Autoworker talks with Fiat Chrysler go into overtime

Negotiators from the United Auto Workers union and Fiat Chrysler worked into the morning Tuesday trying to hammer out a new labor deal that could give more than 100,000 factory workers their first raise in a decade.

The contract had been set to expire at 12:01 a.m. Tuesday. But the two sides agreed to a series of hourly extensions.

UAW spokesman Brian Rothenberg said at 6 am ET that most of the negotiators were still working. Fiat Chrysler CEO Sergio Marchionne passed up the Frankfurt auto show to be at the talks.

The union represents 140,000 hourly workers at Fiat Chrysler, General Motors and Ford Motor. The UAW is trying to reach a deal with Fiat Chrysler first and then use that contract as the basis for subsequent deals at GM and Ford.

Veteran union members get about $28 an hour but haven’t gotten a raise in their hourly wage since 2005. And their benefits and job protections have been weakened because of last decade’s problems in the auto industry.

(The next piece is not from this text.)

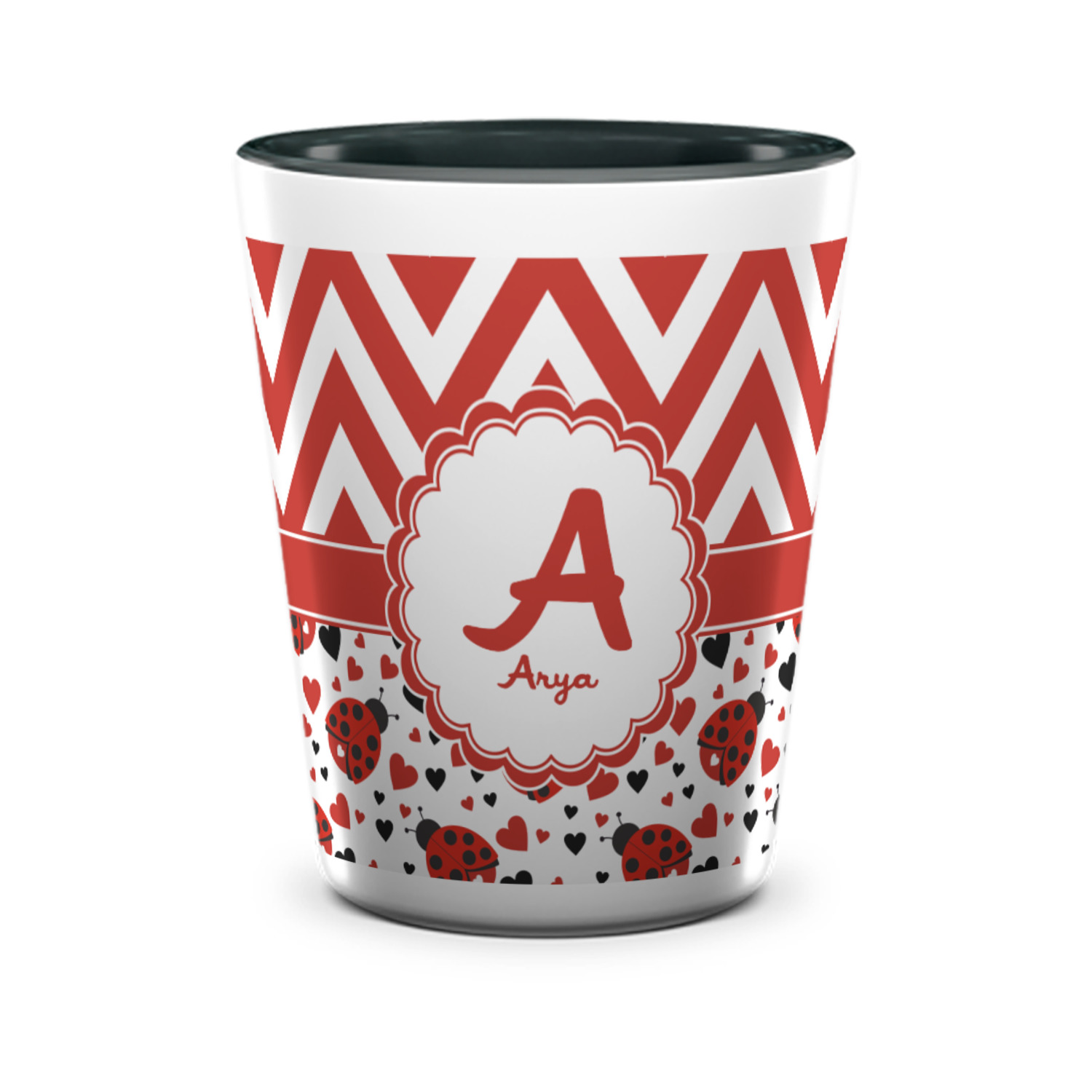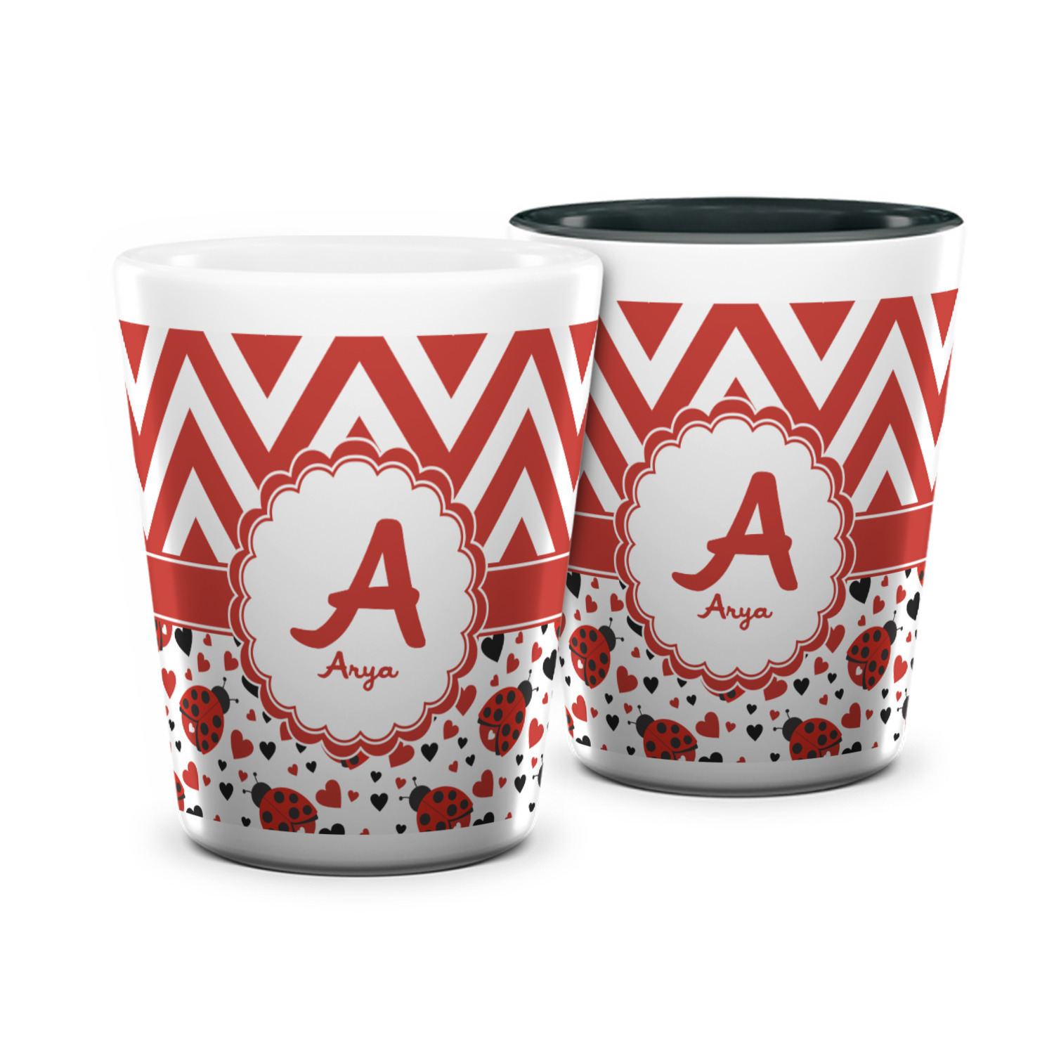Made from ceramic these shot glasses are printed in full color with the design of your choice. These are a standard 1.5oz size and stand 2.25" tall. Available in a full white ceramic or a two-tone with a black color inside the shot glass. Buy a single or a set of 4, all of which can be designed separately to get you just what you want and need.

But U.S. car sales are now nearing record levels and the traditional Big Three are profitable again. The workers want raises.

About 40,000 of the hourly workers have been hired since 2007 and are paid on a lower wage scale, and without the same health and retirement benefits, as the veteran workers. Pay for those workers tops out at about $20 an hour. The union has said it wants to eliminate or at least narrow the gap between the two tiers of workers.

Fiat Chrysler uses more of the lower paid workers than either Ford or GM, but Marchionne has said publicly he doesn’t believe the two tiers are sustainable.

“There can’t be two classes for people who do the same work,” Marchionne reportedly said in January. “It’s impossible. It’s almost offensive.”

If the two sides can’t reach a deal, a strike is possible, but most expect any walkout to be very short. The last strike by Chrysler workers in 2007 lasted less than seven hours.